For any who do not know, our favorite geniuses in the Justice Department indicated to my "attorney" a couple of years ago that they intended to indict me all over again for a second instance of the same crime for publishing this: "I'm plainly stating that I intend to kill the president."
In order to get my new audience members up to speed on my splendid little crime, obviously I needed to tell them what it was that I said.
So the following day my probation officer calls me to his office. Adopting his best game face while trying not to bust out laughing at this latest bit of idiocy rolling downhill out of Washington, he says, "Did you threaten to kill the president again?"
My answer was immediate, as I possess an encyclopedic command of my own intellectual property. "No." I'm not a one trick pony. I pride myself on the wide-ranging breadth of my comedic repertoire.
"Well I have proof here that you did," and he pulls out his secret weapon: an official, government-approved, timestamped, full-regalia printout of the previous day's show.
I do not impress easily. Just ask Special Agent Saunders. "Is it in quotes?"
He flipped to the proper page and took a look. "Yes. Yes it is." I'm not sure if his tone was triumphant or crestfallen.
"Then it's a quote." So then he and I and our secret speakerphone audience went back and forth for a few minutes as I explained what quotation marks mean. In the end, his computer-screen IM buddy must have sighed and told him to kick me loose. "The man's like Johnny Cochran. 'If the quote don't fit, you must acquit.'"
It's pretty sad when the Justice Department has so little on you, and wants you gone so badly, that they're willing to try to cobble together a new charge out of the flimsiest of facts.
So here is our Language Arts class for Justice Department attorneys. We'll be covering the fundamentals of speech. Upon graduating, they'll be able to talk. And then they'll be equipped to scrutinize the mouth movements of those who talk. And if they aspire to talk law talk some day, they'll have a leg up on the competition. They'll be a shoo-in for whatever government job.
So let's begin.
Quotation marks can denote many things. Their various uses all have one common element. They communicate to the reader that "something is special here. Pay attention. There is an additional dimension to this language, without which its meaning cannot be known."
For example, quotation marks can denote irony. Irony is a linguistic device whereby the meaning of a word or phrase is exactly opposite its face value meaning. I had an attorney. I also had an "attorney." Do you see the difference? The two utterances communicate completely different things. The latter has an additional dimension to it which communicates to the reader that I question whether my attorney had ever graduated law school.
Another use of quotation marks is to denote that a thing is represented by some other party to have a certain meaning. For example, the Environmental Protection Agency’s "interstate plan for remediation" includes guidelines for the safe disposal of toxic waste. You get the picture.

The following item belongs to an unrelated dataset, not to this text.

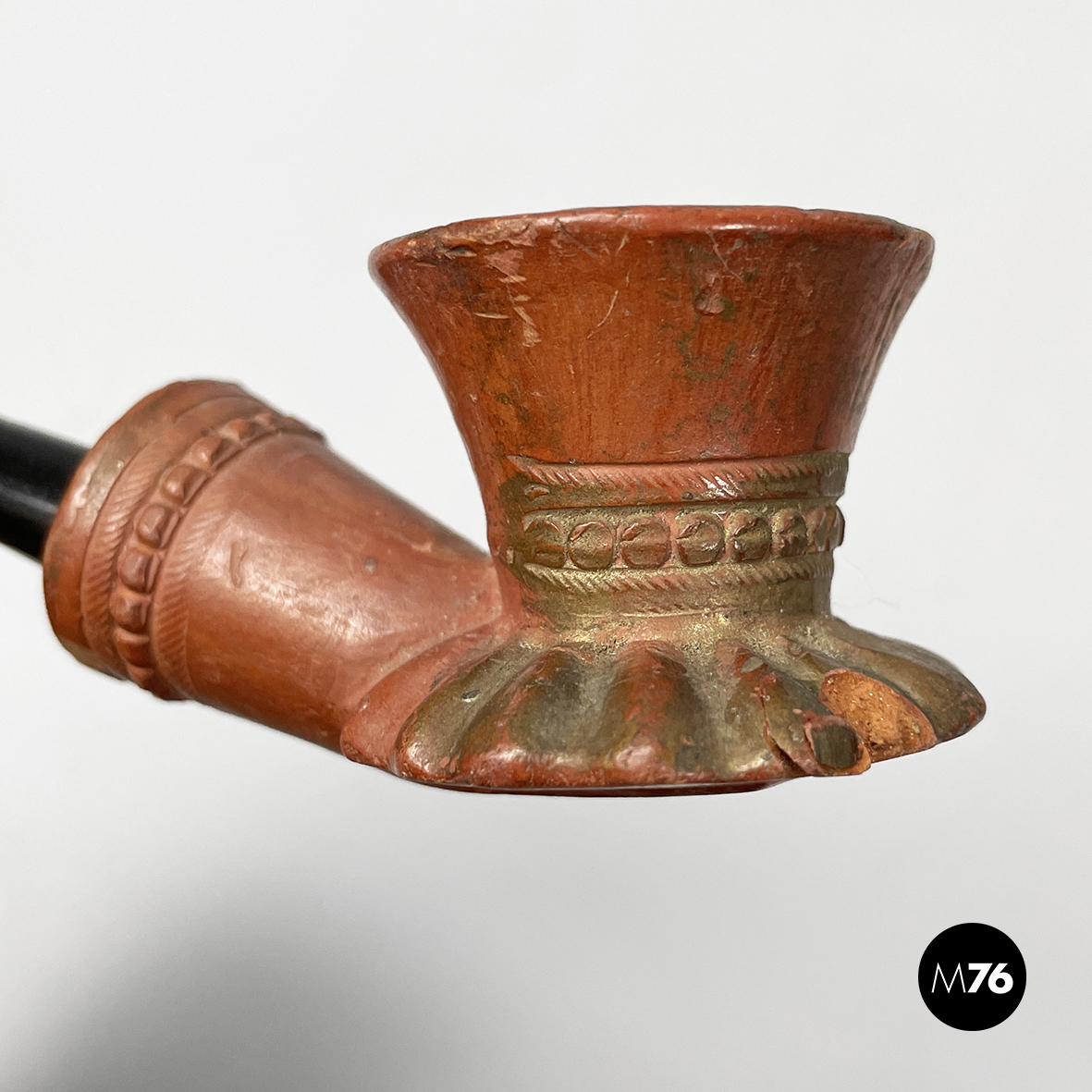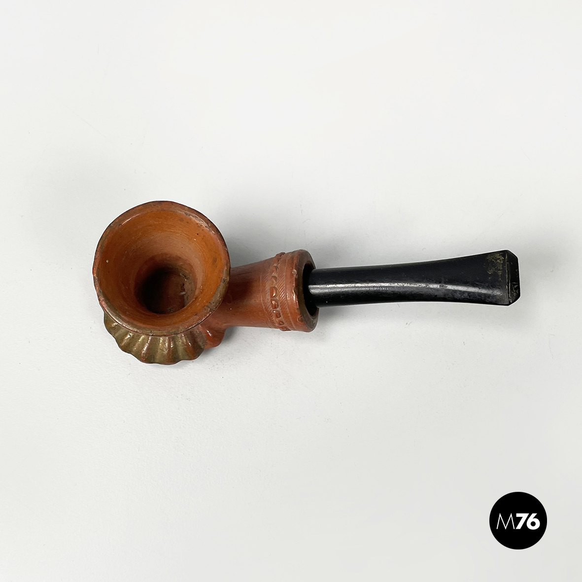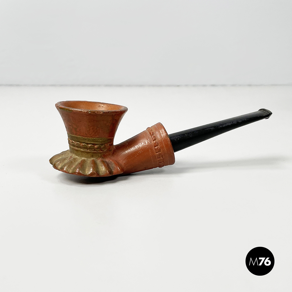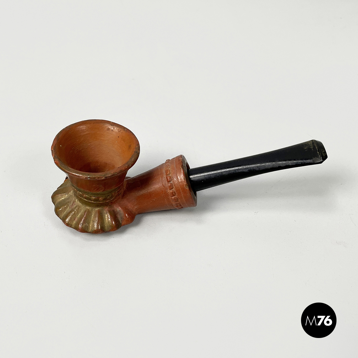 Set da festa composto da cappello a cilindro con cappelliera in cuoio maschera piccolo papillon nero e pipa. Il cappello nero è esternamente in tessuto peloso nero con una passamaneria nera e internamente in cartone. La cappelliera in pelle marrone presenta un interno imbottito e un vano cilindrico in cartone colorato per riporre i piccoli oggetti. La maschera in carta è davanti nera e bianca sul retro. Il piccolo papillon è in tessuto nero con due cordini elastici bianchi e due ganci per la chiusura. La pipa ha il bocchino in plastica nera e la testa in terracotta lavorata e con piccoli dettagli dorati.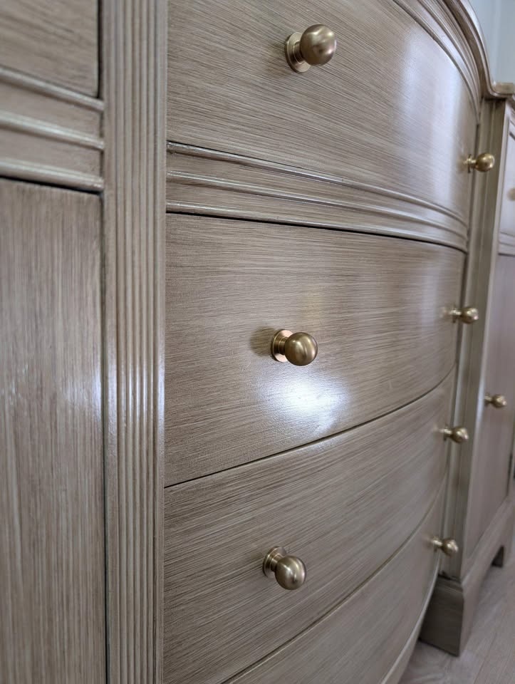 This gorgeous sideboard/dresser has been professionally finished with a Pottey Barn technique, making it a classic piece that would compliment any room. It features six easy gliding drawers, two cupboards each with a shelf providing ample storage, and updated hardware. This is a heavy, solid piece made of all wood construction with dovetail drawers and built-in drawer dust panels.

Quotation marks can also be used to denote attribution. In this case, the quotation marks indicate that the utterance originated elsewhere, either from another person or from another time. The car crash victim said, "The car came out of nowhere."
You will note that it is not necessary to state "he said," or the equivalent, if the identity of the speaker of the utterance is known or implied. In my case, it was not necessary to state "I said," because the identity of the original speaker of the utterance is known to be me. And to freight one's prose with superfluous words just makes for bloated writing. The use of bare quotation marks is adequate for denoting attribution. In no way is the preface "I said" necessary to the operability of the quotation marks.
So there you have it. I will not tax my audience further with an exploration of single quotes or open-ended double quotes. This is, after all, an introductory Language Arts class for Justice Department attorneys.